Notre maman lâcha : « Oh, la vache ! Mon manger est pas prêt ». Elle mit le troispieds sur la pierre à eau, versa le contenu de sa cocotte dedans afin d’égoutter les patates. Elle étala un torchon sur le plan de travail, secoua son troispieds, versa son contenu sur le torchon et essuya les patates. Tout à son ouvrage, elle regarda son père et sur un ton agressif :
- T’es monté pour faire la morale au Milou ?

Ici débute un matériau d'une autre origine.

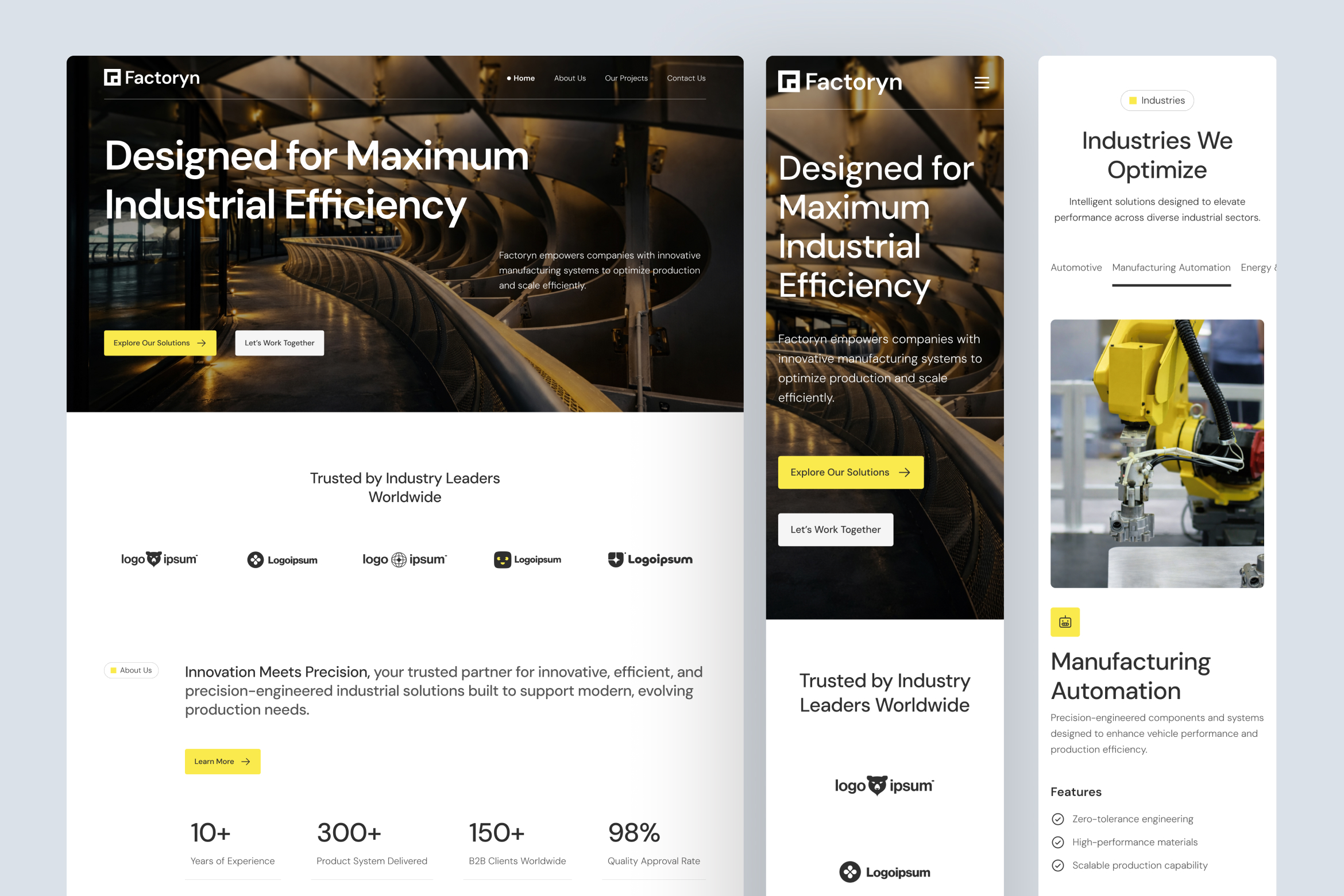 Establish a confident, results-focused industrial presence with Factoryn, an Industry & Manufactory Website UI Figma Template built for engineering firms, manufacturing companies, and industrial solution providers that prioritize clarity, precision, and performance. Built with a modern industrial aesthetic and a structured storytelling approach, it helps businesses communicate expertise, scale, and operational impact through a confident, professional digital experience. Available in both desktop and mobile views, the template ensures visual consistency, readability, and usability across devices.
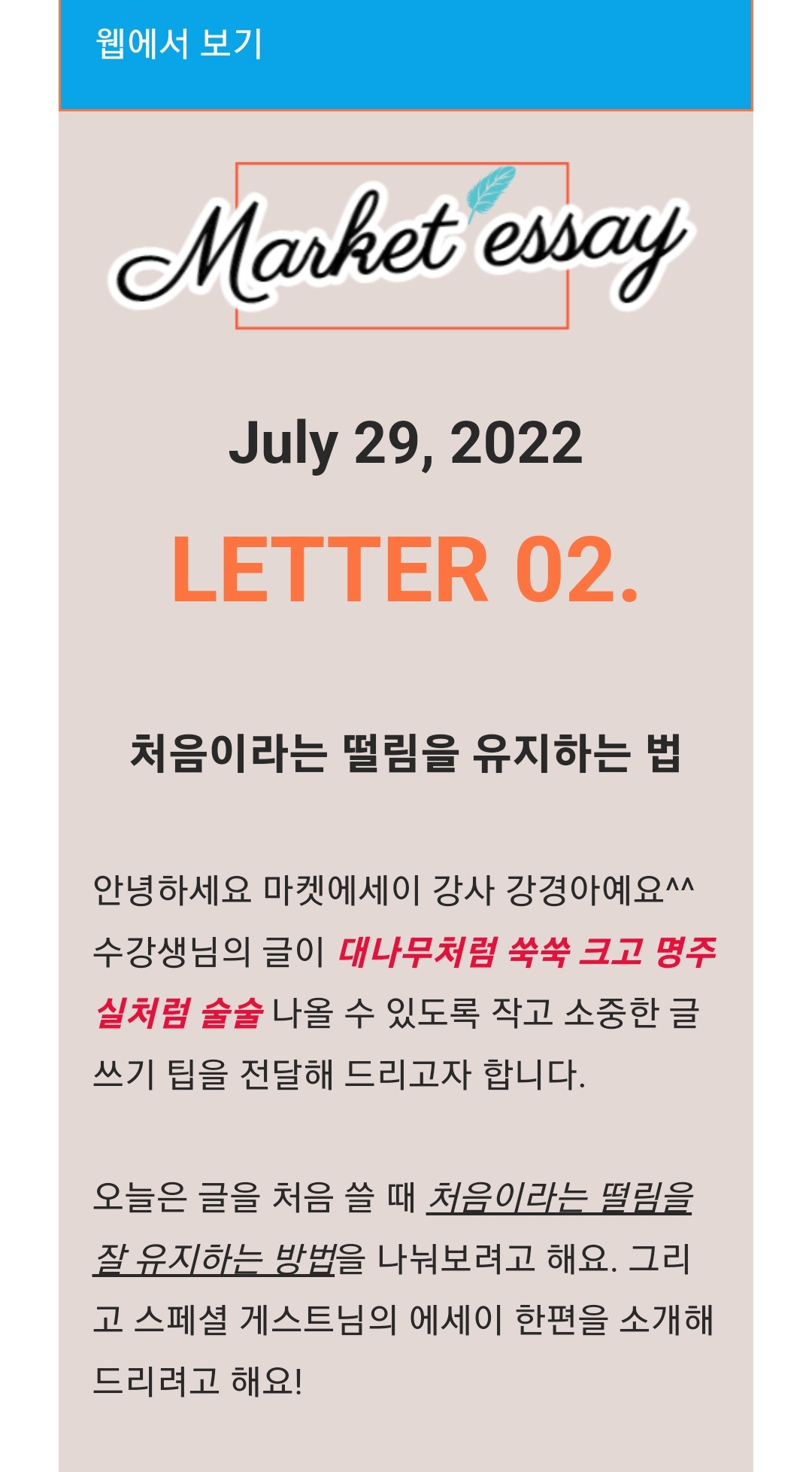 마켓 에세이 레슨 레터
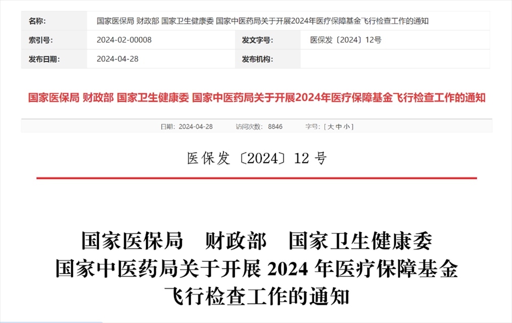 這項《關(guān)于開展2024年醫(yī)療保障基金飛行檢查工作的通知》由國家醫(yī)保局、財政部、國家衛(wèi)生健康委、國家中醫(yī)藥局聯(lián)合印發(fā)。
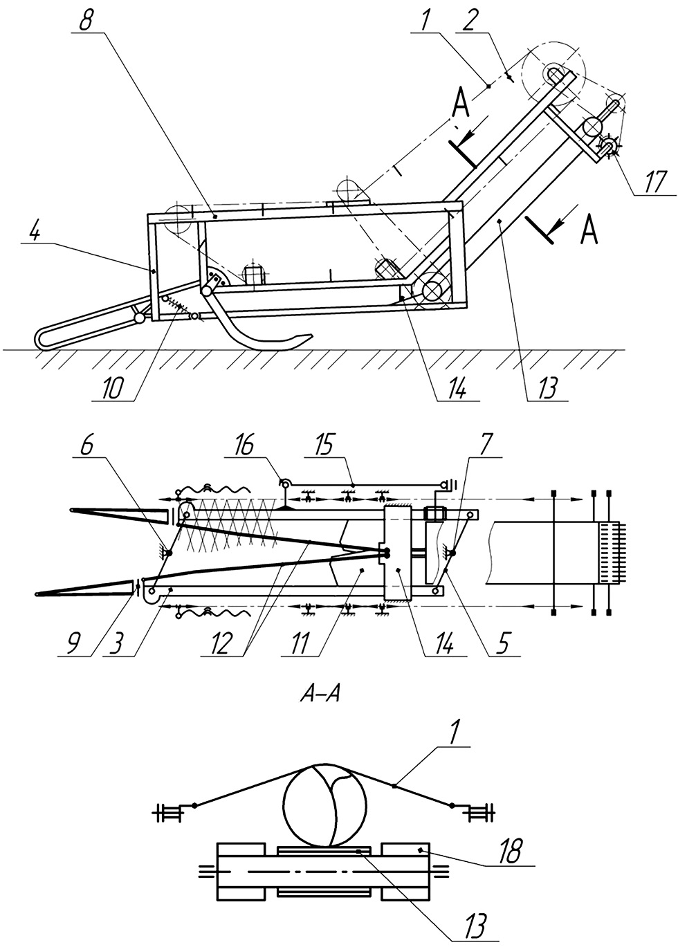 Конструкция режущего аппарата (рис. 2), как было замечено, «основана на использовании колеблющихся рабочих поверхностей для выравнивания полёглых растений капусты при подводе к режущему устройству. Он содержит прижимное устройство в виде эластичного сетчатого полотна 1 с поперечными жёсткими распорками 2, колеблющиеся боковины 3, скреплённые шарнирно между собой в виде паралеллограммного механизма П-образными передней 4 и задней 5 подвесками, закреплёнными своей центральной частью посредством шарниров 6 и 7 к раме 8. Передние части боковин 3 (лифтеры) имеют в продольно-вертикальной плоскости возможность копировать рельеф почвы за счёт шарниров 9 под действием пружин 10, а задние части боковин оснащены плоскими клиновидными ножами 11. Кроме того, боковины 3 снабжены направляющими 12, соединёнными с ними шарнирно в передней части» [21].
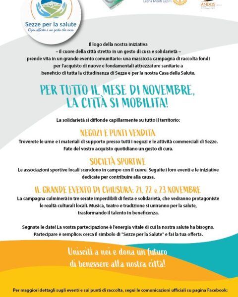 A Sezze prende avvio la campagna “SEZZE PER LA SALUTE: ogni offerta è un gesto che cura”, iniziativa pensata per dotare la Casa della
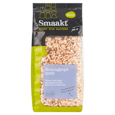 Ingrediënten: Gepofte volkoren spelt(TARWE)* 70%, honing* 30%, * =biologisch

- Tu m’connais mal ma fille. Les histoires entre le Milou et le Mièsse ne me regardent pas.
- Pourtant avec tout ce que raconte la môman !
Lorsque c’était Pétain au pouvoir, il était pour Pétain. Lorsque c’était de Gaulle, il était pour de Gaulle. Maintenant, c’était Mendès-France, il était pour Mendès-France. En résumé, le pépère était fonctionnaire, un fonctionnaire dévoué à son administration. Notre maman avait mis sa cocotte en fonte sur la gazinière et allumé le plus gros des brûleurs. Elle versa de l’huile dans la cocotte.
- Te fais des rôties ? (demanda le Mimil’) Je m’invite.
- Oh, la vache ! (s’écria notre maman) j’ai pas été chercher mon fromage blanc, ma crème, mon lait.
- T’énerve pas Oda, j’irai tout à l’heure (la calma notre papa).
- Et la tante Agathe qu’aura son manger avant pas d’heure… (Puis se souvenant de la réponse de son père, elle grogna sans perdre son ton agressif) Et alors ?
- Alors ? Le Sous-préfet me dit « Faites ceci », je le fais. « Faites cela », je le fais. Le reste ne me concerne pas et je n’ai pas à donner mon avis. T’inquiètes pas, je pense que le Sous-préfet est bien content de c’qui arrive au Mièsse. Depuis qu’il est en poste chez nous, le Mièsse n’arrête pas de lui mettre des bâtons dans les roues. Pourtant le Sous-préfet est loin d’être un Communiste (railla-t-il).